Azure Front Door の Azure Web アプリケーション ファイアウォールは、Web アプリケーションに対する一元的な保護を提供します。 Web アプリケーション ファイアウォール (WAF) は、一般的な悪用や脆弱性から Web サービスを守ります。 ユーザーに対するサービスの高可用性が維持され、コンプライアンス要件を満たしやすくなります。

Azure Front Door の Azure Web アプリケーション ファイアウォールは、グローバルで一元化されたソリューションです。 デプロイされる場所は、世界中の Azure ネットワーク エッジです。 WAF 対応の Web アプリケーションは、ネットワーク エッジの Azure Front Door によって配信されたすべての受信要求を検査します。

WAF は仮想ネットワークに入る前の攻撃ソースの近くで悪意のある攻撃を防ぐことができます。 パフォーマンスを損なうことなく大規模でグローバルな保護機能を利用することができます。 WAF ポリシーはサブスクリプション内の任意の Azure Front Door プロファイルに簡単にリンクできます。 新しいルールを数分で展開できるので、脅威のパターンの変化にすばやく対応できます。

Screenshot that shows Azure Web Application Firewall.

Note

Web ワークロードの場合は、新たな DDoS 攻撃から保護するために Azure DDoS 保護Web アプリケーション ファイアウォールを利用することを強くお勧めします。 もう 1 つのオプションは、Web アプリケーション ファイアウォールと共に Azure Front Door を使用することです。 Azure Front Door は、ネットワーク レベルの DDoS 攻撃に対するプラットフォーム レベルの保護を提供します。 詳細については、Azure サービスのセキュリティ ベースラインに関するページを参照してください。

Azure Front Door には2 つのレベルがあります。

  • Standard
  • Premium

Azure Web アプリケーション ファイアウォールは、すべての機能を備えた Azure Front Door Premium とネイティブに統合されています。 Azure Front Door Standard の場合は、カスタム ルールのみがサポートされています。

保護

Azure Web アプリケーション ファイアウォールでは、次の保護が行われます。

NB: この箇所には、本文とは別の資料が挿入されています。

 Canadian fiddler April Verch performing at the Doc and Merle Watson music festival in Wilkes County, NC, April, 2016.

  • バックエンド コードを変更しなくても、Web アプリケーションを Web の脆弱性および攻撃から保護できます。
  • IP 評判のルールセットを使用して、悪意のあるボットから Web アプリケーションを保護します。
  • DDoS 攻撃からアプリケーションを保護します。 詳細については、「アプリケーション DDoS Protection」をご覧ください。

WAF のポリシーと規則

WAF ポリシーを構成し、保護のためにそのポリシーを 1 つ以上の Azure Front Door ドメインと関連付けることができます。 WAF ポリシーは、2 種類のセキュリティ規則で構成されます。

  • 顧客が作成したカスタム ルール。
  • Azure で管理される事前に構成された一連の規則のコレクションであるマネージド規則セット。

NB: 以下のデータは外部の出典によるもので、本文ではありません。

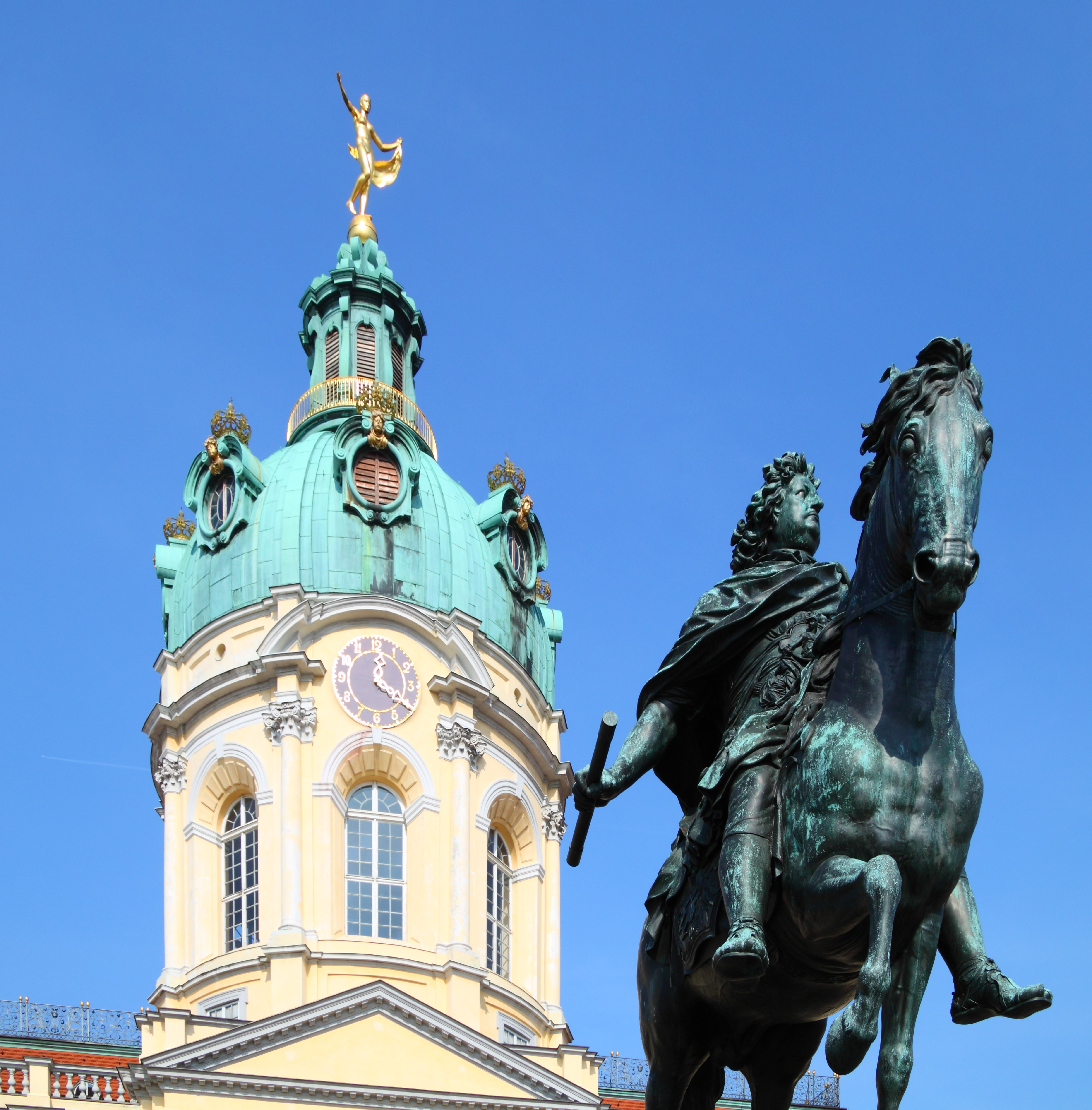 Bronze statue of of Frederick William I, Elector of Brandenburg in the cour d'honneur of Charlottenburg Palace.

両方ともある場合、マネージド規則セットの規則が処理される前に、カスタム規則が処理されます。 規則は、一致条件、優先順位、およびアクションで構成されます。 サポートされているアクションの種類は次のとおりです: ALLOW、BLOCK、 LOG、および REDIRECT。 マネージド規則とカスタム規則を組み合わせることで、特定のアプリケーション保護要件を満たす完全にカスタマイズされたポリシーを作成することができます。

ポリシー内の規則は、優先順位に従って処理されます。 優先順位は、規則の処理順序を定義する一意の整数です。 整数値が小さいほど高い優先順位を表し、大きい整数値の規則より前に評価されます。 規則が一致すると、規則で定義されている対応するアクションが要求に対して適用されます。 このような一致が処理された後、優先順位の低い規則はそれ以上処理されません。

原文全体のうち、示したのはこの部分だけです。